Glencoyne Wood is a Site of Special Scientific Interest (SSSI) in Lake District National Park in Cumbria, England. This protected area is located near the village of Glenridding near Ullswater lake. This woodland is protected because of the exceptional diversity of mosses and liverworts. Red squirrel has been recorded in this woodland.

== Biology ==
In acidic soils, sessile oak is the dominant canopy tree. The woodland has widely spaced trees as regeneration is inhibited by sheep grazing. Woodland herbs in this protected area include moschatel, sanicle, woodruff and opposite-leaved golden-saxifrage. Common butterwort has been recorded on Stybarrow Pass.

This protected area supports 66 different species of mosses and liverworts. Moss species include Ptilium crista-castrensis. Liverworts include the epiphytic species Lejeunea ulicina and Scapania umbrosa as well as Bazzania trilibata on tree stumps and leafy liverworts on fallen decaying trees (Norwellia curviflora, Aneura palmata, Scapania umbrosa and Sphenolobus helleranus). Moss species in rocky habitats include Orthothecium rufescens, Neckera crispa, Ctenidium molluscum, Tortella tortuosa and Bartramia hallerana. Liverworts on rocks include Rhabdoweissia crenulata and Thuidium delicatulum.

Insect species include Calosoma inquisitor and the snowflea Boreus hyemalis. Moth species include Venusia humeralis, Stilbia anomala and Telphusa humeralis.

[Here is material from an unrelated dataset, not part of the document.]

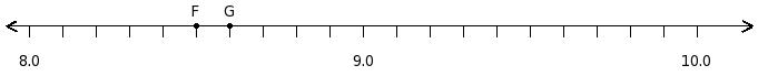 Find the product of the decimal numbers at the points labelled with letters F and G

Bird species include pied flycatcher, spotted flycatcher, redstart, willow warbler, wood warbler, garden warbler, siskin, great spotted woodpecker, tawny owl, common sandpiper and hawfinch.

== Geology ==
The woodland is situated on rocks from the Borrowdale Volcanic Series. These rocks weather to give acidic soils with local enrichment where calcite bands occur in the rock.

== Land ownership ==
Part of the land within Glencoyne Wood SSSI is owned by the National Trust.